Today was not a day for change. It was simply a day for observation. A day to take stock, to take a personal inventory. It was a day to ask myself, "why?"
I have been reading Francis Chan's book Crazy Love for my small group at church and though I normally read through things fairly quickly, I have forced myself to move at the pace of the group and so this week was chapter five. Last night I read it again and felt as though I had been punched in the gut. It's stuff I've wrestled with for a while and at times in the last month have tried to make changes that haven't really stuck. So today I decided that for this day I wasn't going to change anything. Here was my plan of action.

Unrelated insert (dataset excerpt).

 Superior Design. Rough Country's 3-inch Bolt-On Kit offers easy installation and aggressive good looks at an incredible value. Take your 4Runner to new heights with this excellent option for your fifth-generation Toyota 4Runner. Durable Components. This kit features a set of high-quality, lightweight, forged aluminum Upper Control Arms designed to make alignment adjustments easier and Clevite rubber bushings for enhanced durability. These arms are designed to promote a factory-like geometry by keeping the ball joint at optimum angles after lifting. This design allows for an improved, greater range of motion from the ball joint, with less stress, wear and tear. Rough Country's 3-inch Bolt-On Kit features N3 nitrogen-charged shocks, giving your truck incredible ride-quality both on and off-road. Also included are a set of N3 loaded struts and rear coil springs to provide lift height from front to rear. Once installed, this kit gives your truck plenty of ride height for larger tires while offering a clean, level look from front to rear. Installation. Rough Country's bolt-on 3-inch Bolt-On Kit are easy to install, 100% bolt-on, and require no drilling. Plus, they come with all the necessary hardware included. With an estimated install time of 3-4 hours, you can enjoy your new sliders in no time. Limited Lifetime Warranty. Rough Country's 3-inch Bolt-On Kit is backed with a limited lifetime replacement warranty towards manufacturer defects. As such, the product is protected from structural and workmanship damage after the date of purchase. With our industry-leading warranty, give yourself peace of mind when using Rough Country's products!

1. I was going to purposefully think about every action I took.
2. I was going to ask myself who I was serving with each action or to whose benefit I was doing that action.
Here's what I discovered (though I suspected it) about myself and my actions.

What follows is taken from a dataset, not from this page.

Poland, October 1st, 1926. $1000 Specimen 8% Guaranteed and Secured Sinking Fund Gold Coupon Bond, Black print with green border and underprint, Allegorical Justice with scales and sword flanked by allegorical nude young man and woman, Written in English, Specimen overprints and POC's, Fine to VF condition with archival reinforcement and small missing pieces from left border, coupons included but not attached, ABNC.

1. Most of my day was spent serving myself.
2. The actions I seemingly did for others had some kind of understanding that my helping or supporting them would benefit me in the future.
3. I am quite possibly the most self-absorbed, self-indulgent, selfish person I know.
Tomorrow I am going to do the same exercise, though this time I am going to simply change three selfish actions and turn them to unselfish actions. It's a small change, but I don't think I can handle the big ones right now.
Monday, March 16, 2009
Subscribe to:
Post Comments (Atom)

Love the idea of small action steps (and not trying to completely revolutionize yourself in one night).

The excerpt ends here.